## Aim of the exercise
Some of the lines below need repeating. Reproduce exactly those between the lines holding "Erinnerungsfoto vom G7-Gipfel" and "Pristagarna på Kampsportsgalan 2017.", inclusive.

## Material to process

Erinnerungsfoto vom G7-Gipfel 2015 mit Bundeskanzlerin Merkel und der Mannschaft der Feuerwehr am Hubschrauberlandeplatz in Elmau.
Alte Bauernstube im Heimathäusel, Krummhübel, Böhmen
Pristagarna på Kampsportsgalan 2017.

...

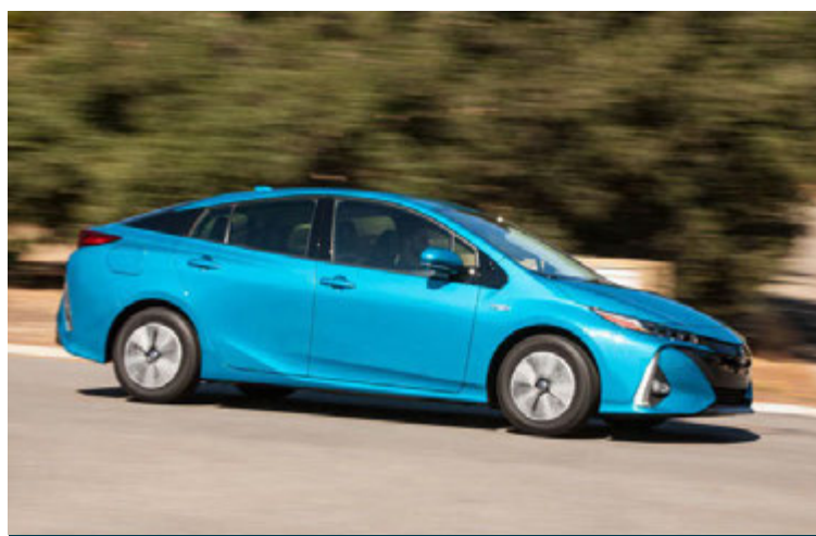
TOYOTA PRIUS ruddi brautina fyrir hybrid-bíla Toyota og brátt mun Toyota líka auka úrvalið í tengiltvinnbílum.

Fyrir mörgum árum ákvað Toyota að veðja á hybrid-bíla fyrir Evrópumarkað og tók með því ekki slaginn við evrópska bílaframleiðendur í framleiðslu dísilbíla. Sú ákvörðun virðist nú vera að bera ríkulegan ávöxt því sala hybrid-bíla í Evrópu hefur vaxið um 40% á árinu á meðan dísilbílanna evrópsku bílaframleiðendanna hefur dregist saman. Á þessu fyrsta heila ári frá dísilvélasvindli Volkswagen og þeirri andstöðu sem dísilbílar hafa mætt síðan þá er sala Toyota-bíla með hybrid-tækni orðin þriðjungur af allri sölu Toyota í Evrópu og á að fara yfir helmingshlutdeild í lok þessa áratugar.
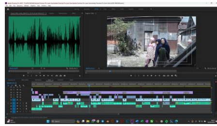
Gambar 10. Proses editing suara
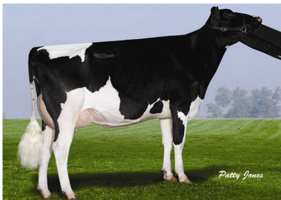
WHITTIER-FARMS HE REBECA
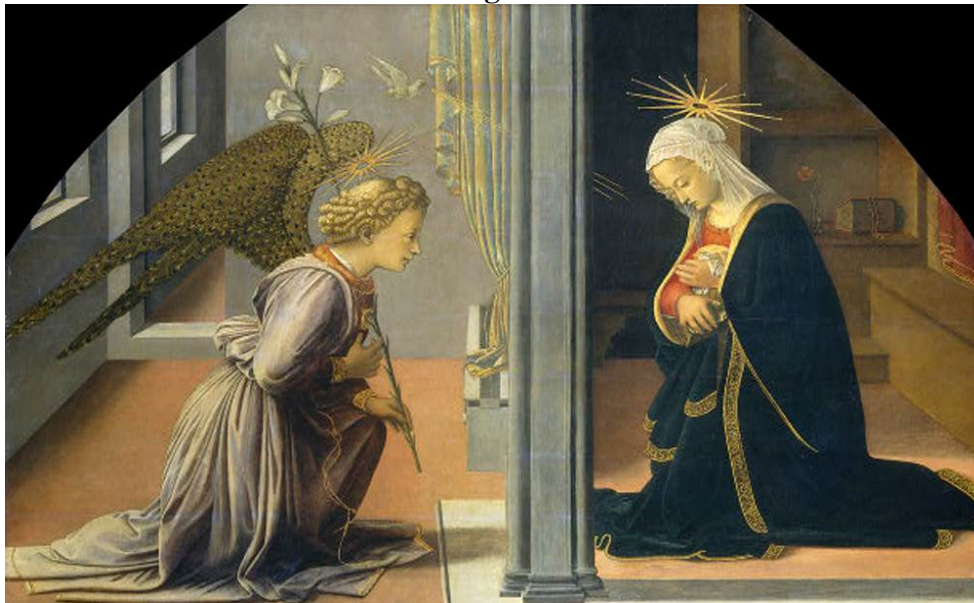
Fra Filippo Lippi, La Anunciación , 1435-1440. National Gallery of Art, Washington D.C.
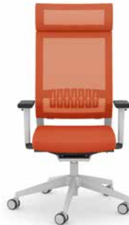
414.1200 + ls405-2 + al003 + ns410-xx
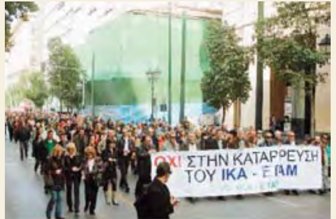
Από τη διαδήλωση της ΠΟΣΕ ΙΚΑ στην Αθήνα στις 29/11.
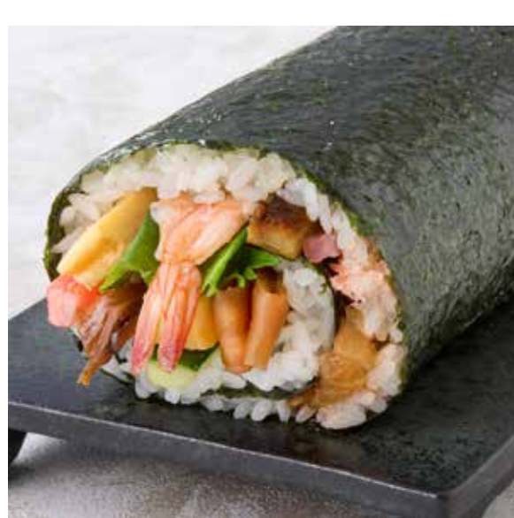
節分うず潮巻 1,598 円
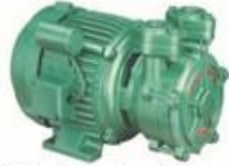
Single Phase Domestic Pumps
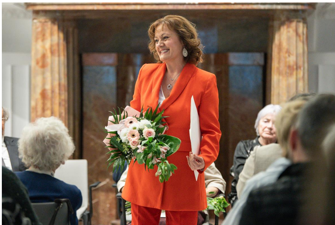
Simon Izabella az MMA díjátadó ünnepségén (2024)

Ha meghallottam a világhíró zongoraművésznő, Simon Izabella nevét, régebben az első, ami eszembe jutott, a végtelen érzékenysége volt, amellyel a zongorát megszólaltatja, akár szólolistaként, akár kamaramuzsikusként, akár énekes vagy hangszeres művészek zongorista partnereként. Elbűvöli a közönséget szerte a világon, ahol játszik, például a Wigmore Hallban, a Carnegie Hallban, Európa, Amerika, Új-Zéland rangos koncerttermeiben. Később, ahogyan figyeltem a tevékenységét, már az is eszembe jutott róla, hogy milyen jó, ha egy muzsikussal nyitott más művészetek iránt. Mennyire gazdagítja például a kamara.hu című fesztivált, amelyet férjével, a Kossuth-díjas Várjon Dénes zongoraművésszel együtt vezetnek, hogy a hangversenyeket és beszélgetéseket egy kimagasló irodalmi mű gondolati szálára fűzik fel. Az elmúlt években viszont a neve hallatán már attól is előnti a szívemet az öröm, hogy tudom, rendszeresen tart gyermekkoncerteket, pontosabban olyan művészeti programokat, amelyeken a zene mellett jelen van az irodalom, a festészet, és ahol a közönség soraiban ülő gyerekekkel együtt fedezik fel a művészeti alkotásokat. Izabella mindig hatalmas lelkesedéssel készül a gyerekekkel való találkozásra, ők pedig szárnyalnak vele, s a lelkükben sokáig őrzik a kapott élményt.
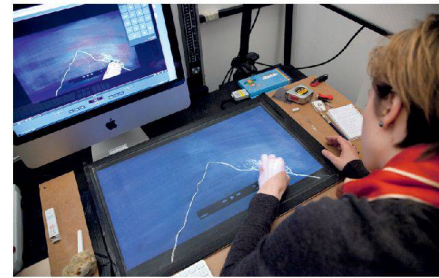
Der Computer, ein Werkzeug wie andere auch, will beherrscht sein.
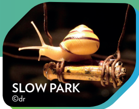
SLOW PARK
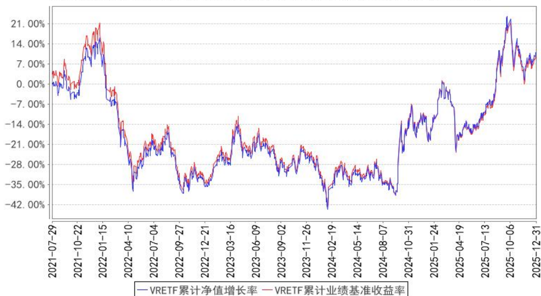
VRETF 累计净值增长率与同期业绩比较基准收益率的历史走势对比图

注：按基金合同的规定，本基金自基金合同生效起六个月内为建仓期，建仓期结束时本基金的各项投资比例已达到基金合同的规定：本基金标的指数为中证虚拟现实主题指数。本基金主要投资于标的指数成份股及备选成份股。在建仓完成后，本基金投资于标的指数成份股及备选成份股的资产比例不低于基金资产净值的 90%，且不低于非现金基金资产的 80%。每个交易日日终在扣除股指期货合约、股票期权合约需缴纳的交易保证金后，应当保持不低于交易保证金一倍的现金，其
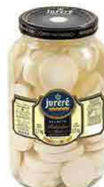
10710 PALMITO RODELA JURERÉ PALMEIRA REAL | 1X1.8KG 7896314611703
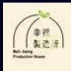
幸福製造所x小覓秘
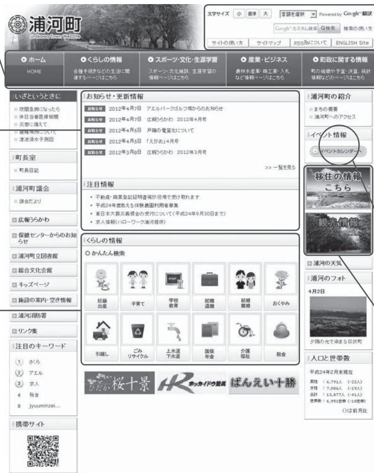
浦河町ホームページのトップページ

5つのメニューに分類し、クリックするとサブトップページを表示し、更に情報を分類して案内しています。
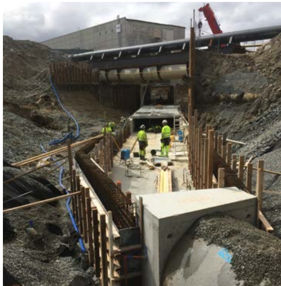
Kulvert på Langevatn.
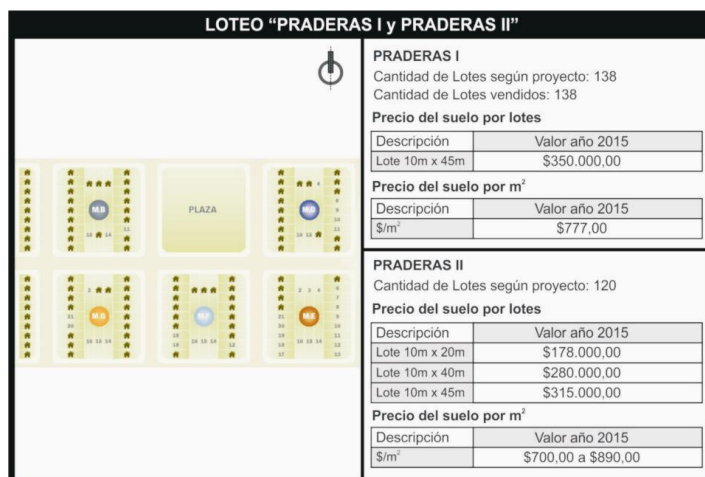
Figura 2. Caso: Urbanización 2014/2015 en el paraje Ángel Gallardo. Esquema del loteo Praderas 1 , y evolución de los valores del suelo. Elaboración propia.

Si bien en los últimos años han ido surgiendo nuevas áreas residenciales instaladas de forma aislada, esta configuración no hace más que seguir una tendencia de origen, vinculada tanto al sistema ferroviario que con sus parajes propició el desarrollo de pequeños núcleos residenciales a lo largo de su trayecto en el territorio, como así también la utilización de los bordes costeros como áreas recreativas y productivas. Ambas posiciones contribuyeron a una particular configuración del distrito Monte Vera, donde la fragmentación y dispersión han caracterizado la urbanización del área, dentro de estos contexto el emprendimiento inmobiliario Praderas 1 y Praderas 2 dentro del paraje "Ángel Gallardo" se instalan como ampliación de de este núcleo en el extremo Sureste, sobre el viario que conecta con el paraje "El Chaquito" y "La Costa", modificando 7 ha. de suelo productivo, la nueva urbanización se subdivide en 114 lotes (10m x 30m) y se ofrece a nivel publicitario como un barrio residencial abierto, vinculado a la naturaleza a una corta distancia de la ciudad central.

## Exercise answer
Erinnerungsfoto vom G7-Gipfel 2015 mit Bundeskanzlerin Merkel und der Mannschaft der Feuerwehr am Hubschrauberlandeplatz in Elmau.
Alte Bauernstube im Heimathäusel, Krummhübel, Böhmen
Pristagarna på Kampsportsgalan 2017.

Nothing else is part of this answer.